-- Record extracts --
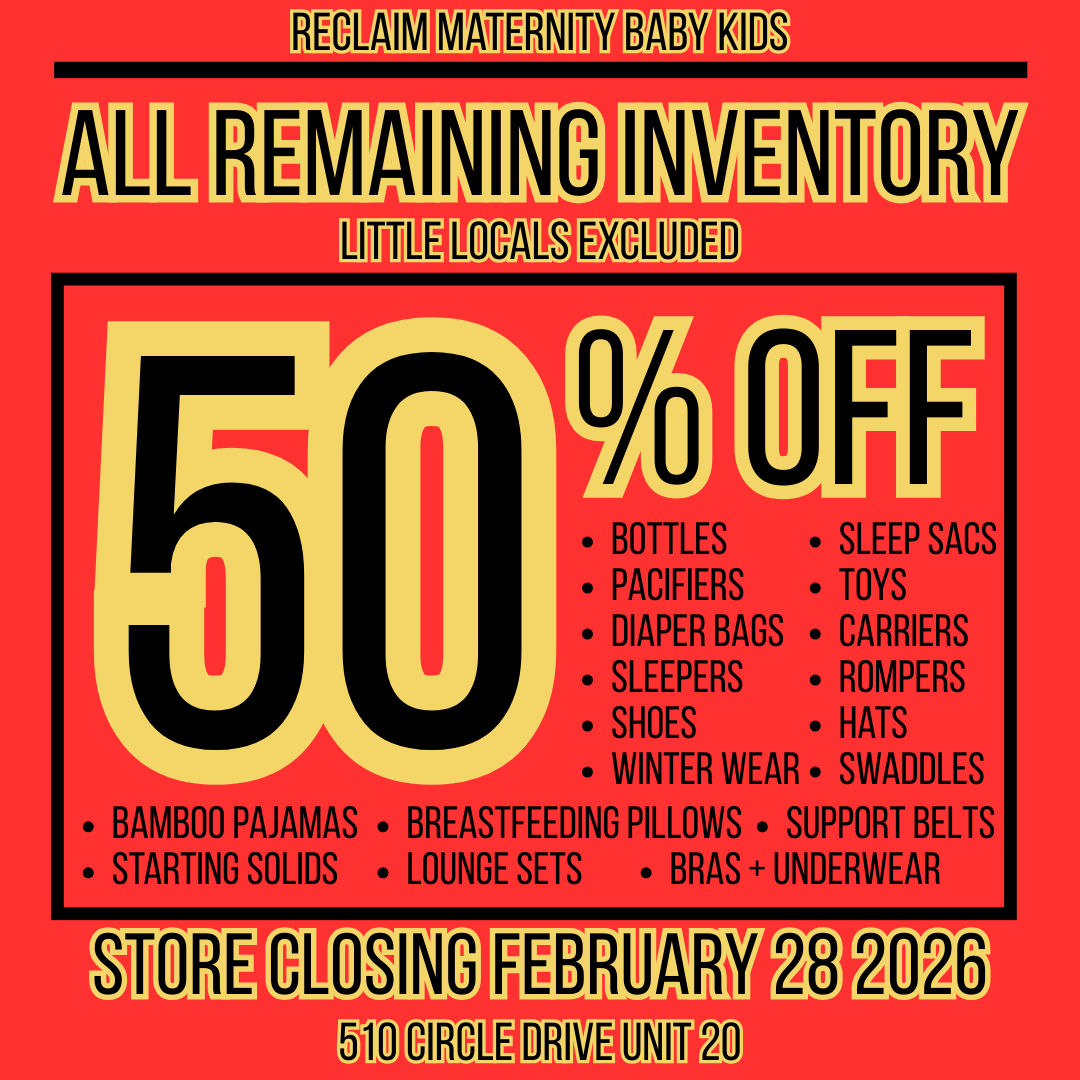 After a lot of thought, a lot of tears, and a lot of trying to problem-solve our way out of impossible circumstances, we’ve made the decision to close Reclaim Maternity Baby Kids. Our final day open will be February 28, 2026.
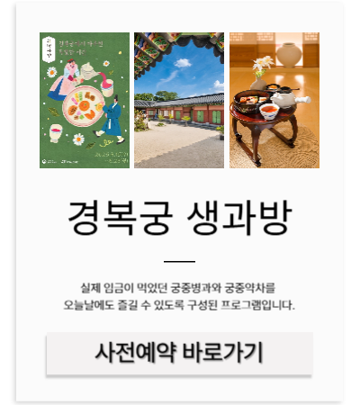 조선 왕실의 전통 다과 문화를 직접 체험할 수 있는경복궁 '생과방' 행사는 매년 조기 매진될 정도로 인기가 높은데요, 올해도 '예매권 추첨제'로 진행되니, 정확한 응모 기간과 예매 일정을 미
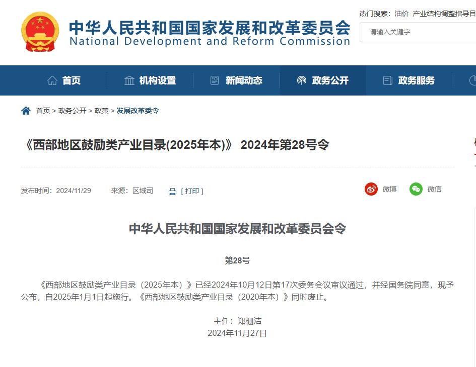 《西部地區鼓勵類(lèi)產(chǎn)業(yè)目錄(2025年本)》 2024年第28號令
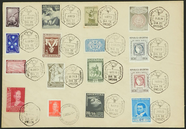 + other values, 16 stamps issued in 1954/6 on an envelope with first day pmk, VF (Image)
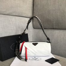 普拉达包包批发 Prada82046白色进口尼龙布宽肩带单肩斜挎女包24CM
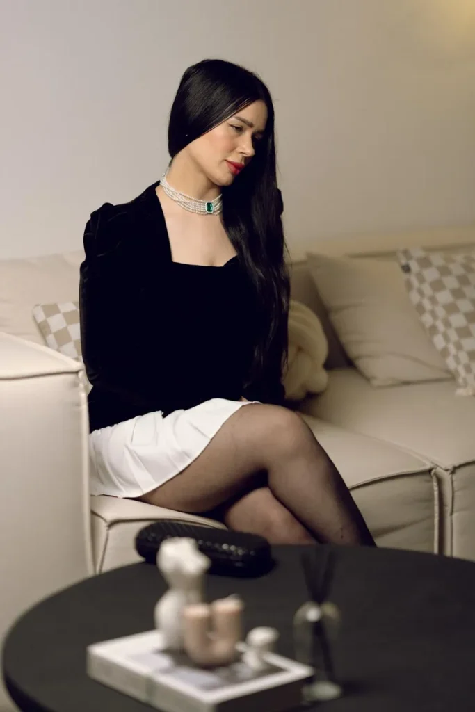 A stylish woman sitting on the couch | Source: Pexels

-- Task details --
Your answer should hold only the lines from the one with "조선 왕실의 전통 다과" through the final line of the listing above, transcribed exactly and without pictures.

-- Exercise result --
 조선 왕실의 전통 다과 문화를 직접 체험할 수 있는경복궁 '생과방' 행사는 매년 조기 매진될 정도로 인기가 높은데요, 올해도 '예매권 추첨제'로 진행되니, 정확한 응모 기간과 예매 일정을 미
 《西部地區鼓勵類(lèi)產(chǎn)業(yè)目錄(2025年本)》 2024年第28號令
 + other values, 16 stamps issued in 1954/6 on an envelope with first day pmk, VF (Image)
 普拉达包包批发 Prada82046白色进口尼龙布宽肩带单肩斜挎女包24CM
 A stylish woman sitting on the couch | Source: Pexels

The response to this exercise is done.